Disco: A Decade of Saturday Nights
- Date: 2004
- Location: United States;
- Theme: Disco
- Organised by: Experience Music Project

= Disco: A Decade of Saturday Nights =

Disco: A Decade of Saturday Nights, organized by Experience Music Project in Seattle, Washington, was the first major museum exhibition to explore the rich, complex world of disco. Pulsating with light and sound, the exhibit followed disco from its beginnings in New York club culture to the fad created by Saturday Night Fever, the ensuing backlash, and disco's influential afterlife.

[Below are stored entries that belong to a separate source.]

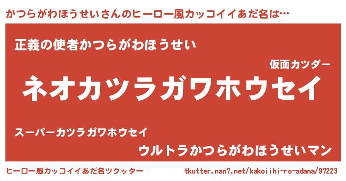 | 胡散臭い通販商品みたいなあだ名 | 『絶対に幸福をもたらす健康食品…その名も「かつらがわほうせい」』 |
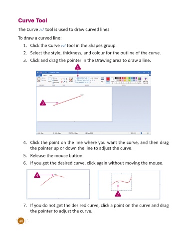 The Curve tool is used to draw curved lines.
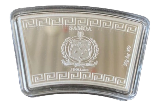 Obverse the silver ingot coin depicts the coat of arms of the islands of Samoa. In addition, the obverse contains information about the weight, bullion sample and face value of the currency.
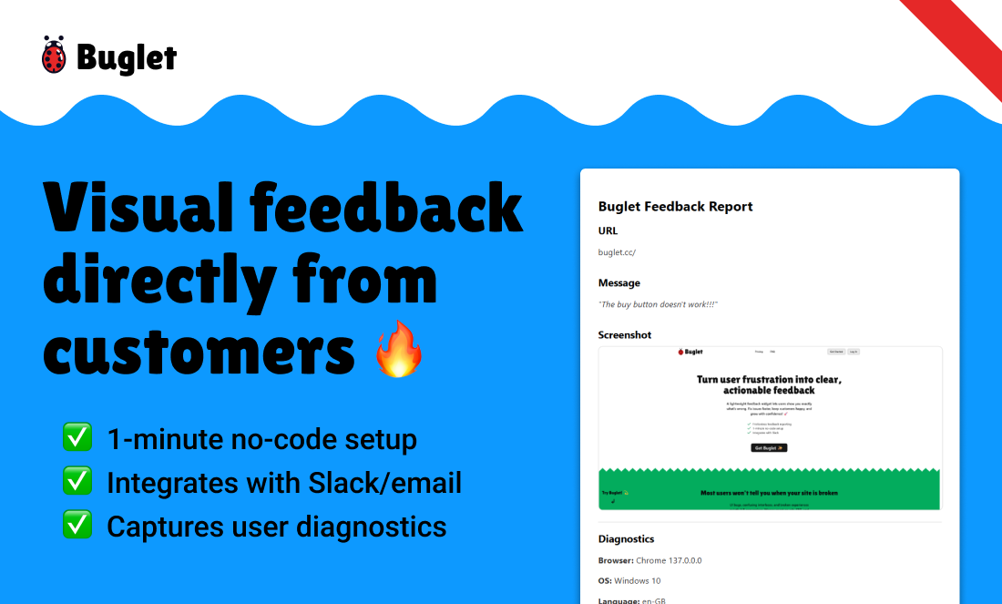 Buglet is a lightweight, no-code widget for capturing visual bug reports directly from your users. Fast setup, clear feedback, happier customers.

The show included the drum kit used by Earl Young, the inventor of the disco beat; the Plexiglas guitar played by Nile Rodgers of Chic; one of Saturday Night Fevers famous white suits; a selection of photographs taken by Andy Warhol at Studio 54; video clips of Disco Step-by-Step Television Show, and rare artifacts from legendary nightspots ranging from The Loft to the Paradise Garage. Artists represented Donna Summer, Grace Jones, the Bee Gees, Sylvester James, A Taste of Honey, and many more. With help from a group of expert consultants (Marty Angelo, Nicky Siano, etc.) led by Vince Aletti, the first journalist to write nationally about disco in 1973, the exhibit helped to change people's thinking about a musical genre that has been hugely important and hugely misunderstood.

The exhibit made stops at the Henry Ford Museum in Dearborn, Michigan in 2004 and the New York Public Library for the Performing Arts in New York City in 2005. The exhibit is currently retired.